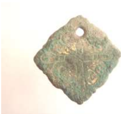
Рис. 5. Мідна підвіска з хрестом та залишками позолоти розміром 28x28 мм. Приватна колекція

Підвіски з геральдичною символікою Римської імперії були популярними як прикраси на українських землях у II–IV ст. На знайденій поблизу с. Городища Зборівського району на Тернопільщині свинцевій підвісці зображений орел із розкритими паралельно тулубу крилами і головою, повернутою вліво (рис. 6). На той час іконографія орла посіла почесне місце і в християнському мистецтві 12 .
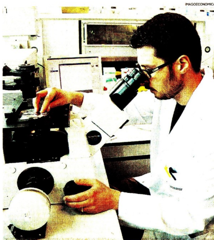
La ricerca in Italia. I laboratori della Dompé
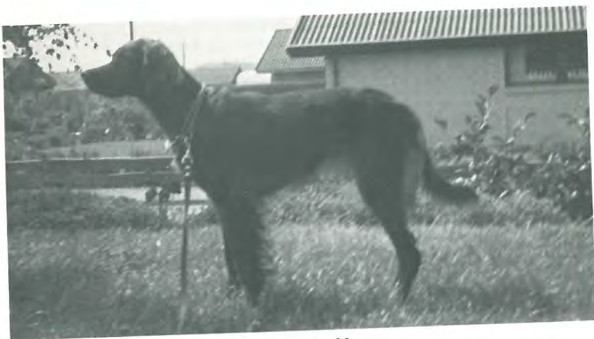
Bonnie, som vandt både åben kl. og Vinder kl.
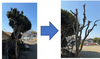
茶毒蛾対策で剪定しました
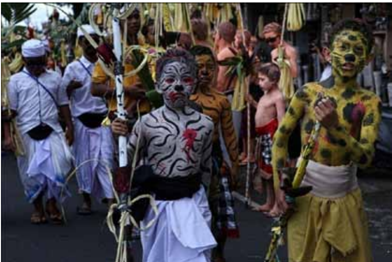
Gb. Tradisi Ngeregeb Bumi , di Tegallalang, Gianyar

Saat ini tradisi mapeed ada di seluruh Bali. Tradisi mapeed biasa dipagelarkan setiap pawai Pesta Kesenian Bali (PKB) yang dilaksanakan setiap tahun sekali dan diikuti oleh seluruh kabupaten/kota di Bali
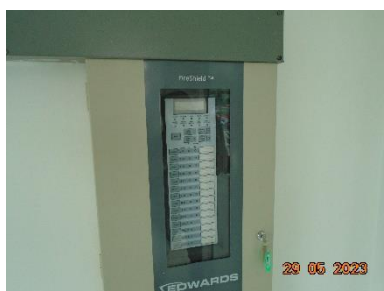
รูปที่ 2-8 อุปกรณ์ป้องกันและระงับเหตุเพลิงไหม้
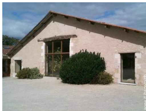
Casa Tipica di Charme
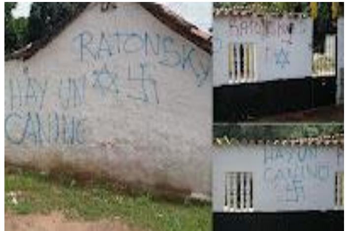
Ratonski [Ratón] al lado de Esvásticas y Estrellas de David “Hay un Canino” es una distorsión del logo de la campana de Capriles “Hay un Camino”

No importa lo que los miembros de esa RELIGION HAYAN SUFRIDO NI POR LO QUE HAYAN PASADO .NADA...NADA JUSTIFICA EL CRIMEN Y EL ASESINATO DE OTROS SERES HUMANOS. Menos cuando lo practica un grupo religioso que FUE VICTIMA DE ESA SITUACION. LO QUE LO INDUCE PENSAR QUE: ...O NO APRENDIERON,... O QUIEREN VER EN OTROS EL SUFRIMIENTO QUE EL DESTINO LES CAUSO A ELLOS...Me quedo con LOS HUMANISTAS que buscan el BIENESTAR Y LA PAZ PARA TODOS SIN DISTINGOS RELIGIOSOS.Me quedo con los SOCIALISTAS, así de sencillo.¿Que busca Israel en Venezuela?
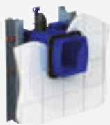
RAILS VOOR GIPSPLAAT
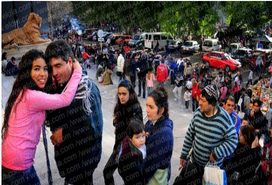
Vacaciones de Invierno 2011
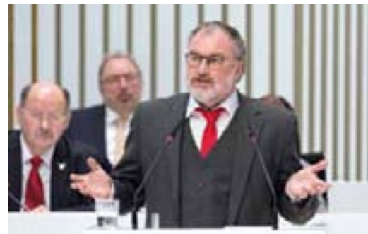
Christoph Grimm (AfD)

▶ **WORK INSTRUCTION**
Here the job is to print the data above exactly, except for any pictures.

▶ **RESPONSE**
Рис. 5. Мідна підвіска з хрестом та залишками позолоти розміром 28x28 мм. Приватна колекція

Підвіски з геральдичною символікою Римської імперії були популярними як прикраси на українських землях у II–IV ст. На знайденій поблизу с. Городища Зборівського району на Тернопільщині свинцевій підвісці зображений орел із розкритими паралельно тулубу крилами і головою, повернутою вліво (рис. 6). На той час іконографія орла посіла почесне місце і в християнському мистецтві 12 .
La ricerca in Italia. I laboratori della Dompé
Bonnie, som vandt både åben kl. og Vinder kl.
茶毒蛾対策で剪定しました
Gb. Tradisi Ngeregeb Bumi , di Tegallalang, Gianyar

Saat ini tradisi mapeed ada di seluruh Bali. Tradisi mapeed biasa dipagelarkan setiap pawai Pesta Kesenian Bali (PKB) yang dilaksanakan setiap tahun sekali dan diikuti oleh seluruh kabupaten/kota di Bali
รูปที่ 2-8 อุปกรณ์ป้องกันและระงับเหตุเพลิงไหม้
Casa Tipica di Charme
Ratonski [Ratón] al lado de Esvásticas y Estrellas de David “Hay un Canino” es una distorsión del logo de la campana de Capriles “Hay un Camino”

No importa lo que los miembros de esa RELIGION HAYAN SUFRIDO NI POR LO QUE HAYAN PASADO .NADA...NADA JUSTIFICA EL CRIMEN Y EL ASESINATO DE OTROS SERES HUMANOS. Menos cuando lo practica un grupo religioso que FUE VICTIMA DE ESA SITUACION. LO QUE LO INDUCE PENSAR QUE: ...O NO APRENDIERON,... O QUIEREN VER EN OTROS EL SUFRIMIENTO QUE EL DESTINO LES CAUSO A ELLOS...Me quedo con LOS HUMANISTAS que buscan el BIENESTAR Y LA PAZ PARA TODOS SIN DISTINGOS RELIGIOSOS.Me quedo con los SOCIALISTAS, así de sencillo.¿Que busca Israel en Venezuela?
RAILS VOOR GIPSPLAAT
Vacaciones de Invierno 2011
Christoph Grimm (AfD)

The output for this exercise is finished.